Jürgen Neffe (born 5 June 1956 in Herne, North Rhine-Westphalia, Germany) is a German writer.

== Life ==
Jürgen Neffe received a PhD in biochemistry 1985 from RWTH Aachen University. After graduating, Neffe worked as a reporter for various publications, including Nature, GEO, and Der Spiegel. In 1991, he won third prize in the Egon Erwin Kisch Awards, which are among the most prestigious awards for print journalism in Germany, for his reportage Der Fluch der guten Tat on a burn unit in Pittsburgh, published in GEO.

In the beginning of 2003 he moved from Spiegel to Max Planck Society. He organized, started and then ran its federal office in Berlin for the first year.

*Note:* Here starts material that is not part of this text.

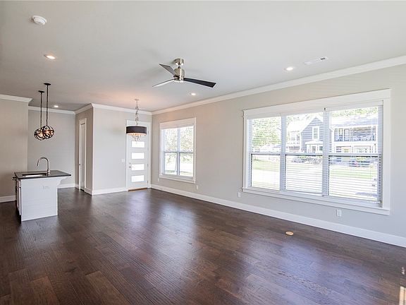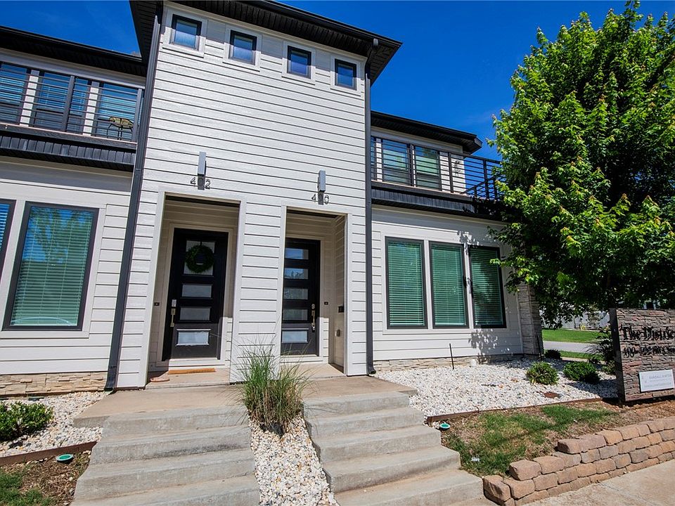 Exceptional Downtown Bentonville Townhome—Unbeatable Location! Located in the SW quadrant, this end-unit offers a premium location: steps from the Bentonville Square, restaurants, and the bike trail system. Enjoy a quick, easy bike ride to the new Walmart Home Office and steps to the new Walton STEM Institute. Designed for contemporary convenience, the main living area is open-concept and naturally bright. The kitchen is equipped with a suite of high-quality Thor appliances, including a gas range, and a full pantry. A dedicated mudroom, washer, and dryer are also included. Upstairs, the oversized primary suite includdes a private balcony. Storage is abundant throughout, from large bedroom closets to a storage area beneath the stairs. This unit includes a full two-car garage—a rare and valuable downtown amenity. Residents also have access to a common grilling area.
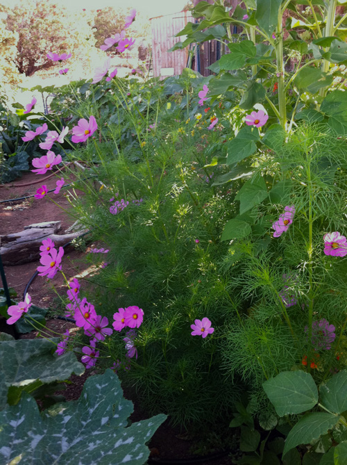 Inside the entry are some other sunflowers-Hopi sunflowers, and Chianti sunflowers. We also have wild sunflowers that grow here in NM, they just haven’t found my garden yet.

In 2005, Neffe published a biography on Albert Einstein, which ranked eighth among non-fiction bestsellers that year in Germany. The book was translated into more than ten languages, including English. In 2007 the Washington Post named it "Book of the Year". It received many favorable reviews.

In 2007 and 2008, Neffe traveled for seven months, recreating Charles Darwin's travels on the Beagle. As a result, he published the book Darwin - Das Abenteuer des Lebens, consisting of a combination of travel writing, science reportage on the development of the theory of evolution, and biographical information about Charles Darwin.

In 2011, Neffe created a new interactive e-book format called Libroid.

In 2014, Neffe published his first novel, Mehr als wir sind (More than we are).

In 2017, Neffe published his highly acclaimed biography on Karl Marx, Marx. Der Unvollendete (The unfinished man).

In 2020, Neffe published his second novel, Das Ding. Der Tag, an dem ich Donald Trump bestahl (The Thing. Or: The Day I Stole from Donald Trump).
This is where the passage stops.